Menurutnya, akan terus menjadi pertanyaan, apabila materi muatan UU Cipta Kerja yang masih dinyatakan mempunyai kekuatan hukum mengikat (berlaku) dan menimbulkan kerugian hak konstitusional warga negara (para pemohon), tapi materinya tidak dapat diuji konstitusionalitasnya. “Bukankah itu bentuk pelanggaran Konstitusi? UUD Tahun 1945 mengamanatkan kepada MK yang memiliki peran sebagai The Guardian of Constitution, The Protector of Citizens Constitutional Rights, The Protector of Human Rights,” kritiknya.  

Untuk diketahui, Pasal 53 UU Administrasi Pemerintahan sering dipakai warga negara untuk menguji sikap atau tindakan pejabat/badan tata usaha negara termasuk merespons permohonan perizinan hingga jangka waktu tertentu. Jika peraturan tidak menentukan batas waktunya, batas waktu yang disebut maksimal 10 hari kerja sejak permohonan diterima pejabat TUN. Jika pejabat bersangkutan mendiamkan atau tidak merespons permohonan hingga jangka waktu tertentu habis, permohonan dianggap dikabulkan secara hukum. Ini yang lazim disebut fiktif positif. 

Selanjutnya, pemohon dapat mengajukan permohonan ke pengadilan (PTUN) agar badan/pejabat tersebut bersikap atau mengambil keputusan/tindakan. Pengadilan wajib memutuskan paling lama 21 hari kerja sejak permohonan diajukan. Badan dan/atau Pejabat Pemerintahan wajib menetapkan Keputusan untuk melaksanakan putusan Pengadilan paling lama 5 hari kerja sejak putusan ditetapkan.  

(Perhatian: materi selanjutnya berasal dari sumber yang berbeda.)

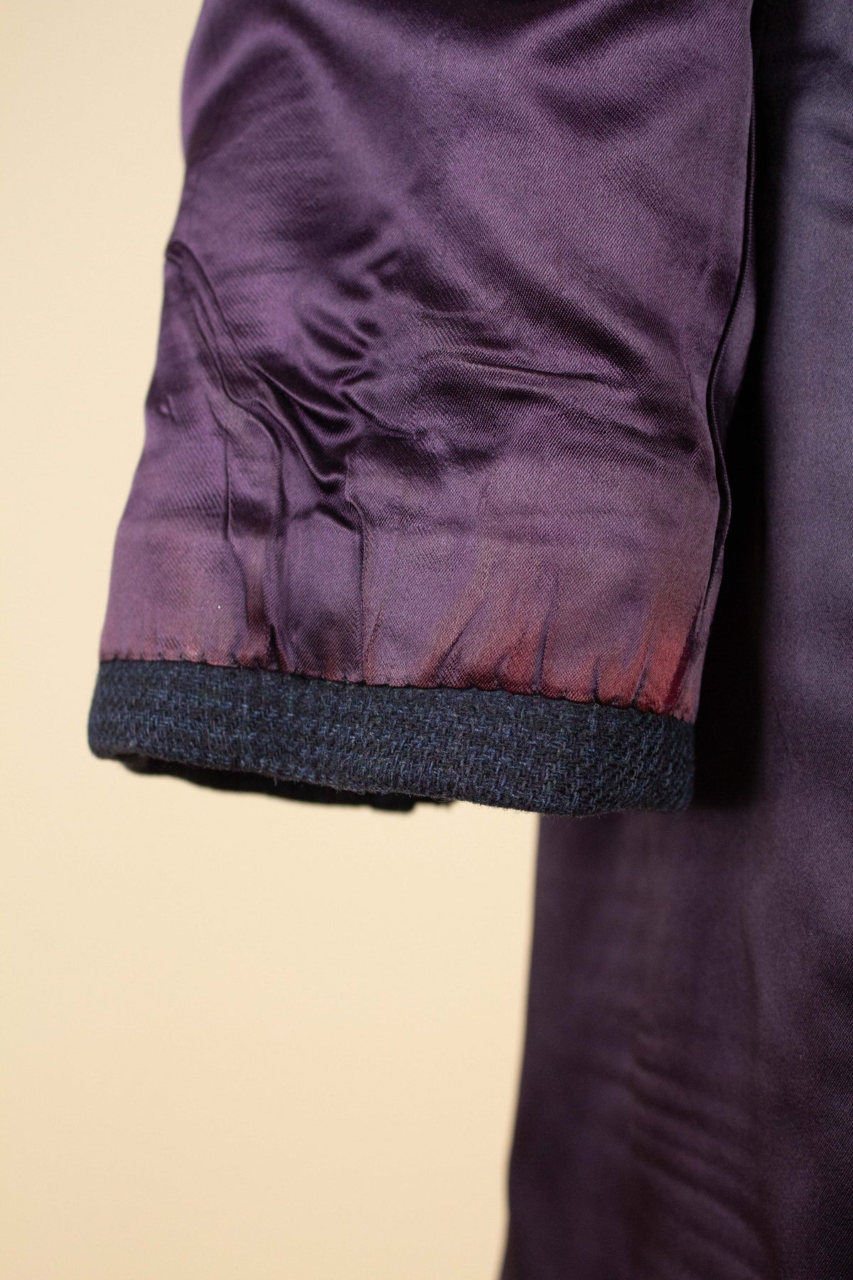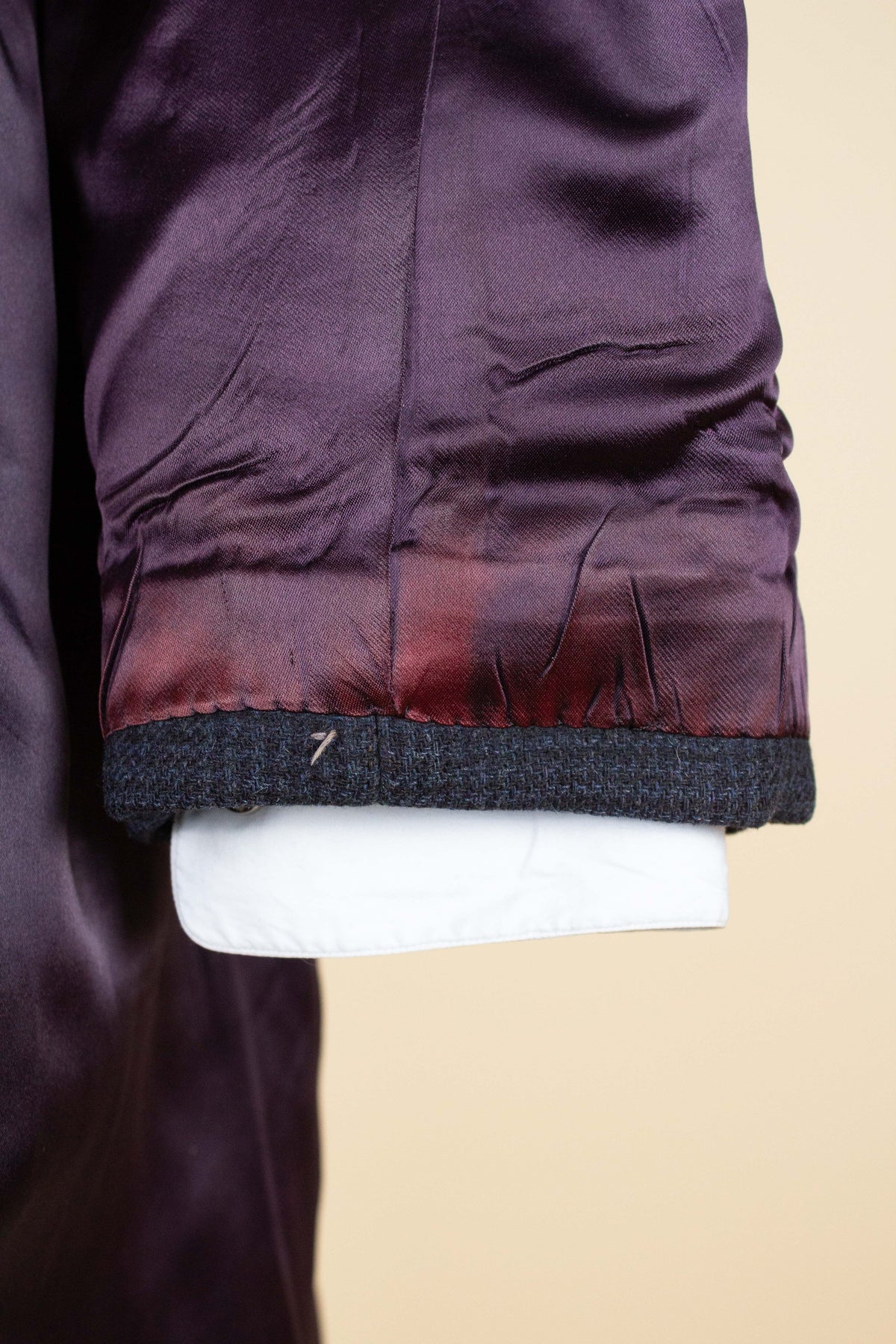 In terms of condition, the overall impression is good; however, there are some minor signs of wear visible upon closer inspection. These consist mainly of slight discolouration at the cuffs and in the fold of the collar. There is also a small flaw in the fabric. Please study the photographs carefully and form your own opinion regarding the condition.

Lembaga fiktif positif adalah kebalikan fiktif negatif yang selama ini dianut UU No. 5 Tahun 1986 tentang Pengadilan Tata Usaha Negara dan dua Undang-Undang perubahannya (terakhir dengan UU No. 51 Tahun 2009). UU PTUN dan perubahannya tersebut menganut prinsip fiktif negatif jika pejabat mendiamkan permohonan warga negara berarti permohonan itu dianggap ditolak.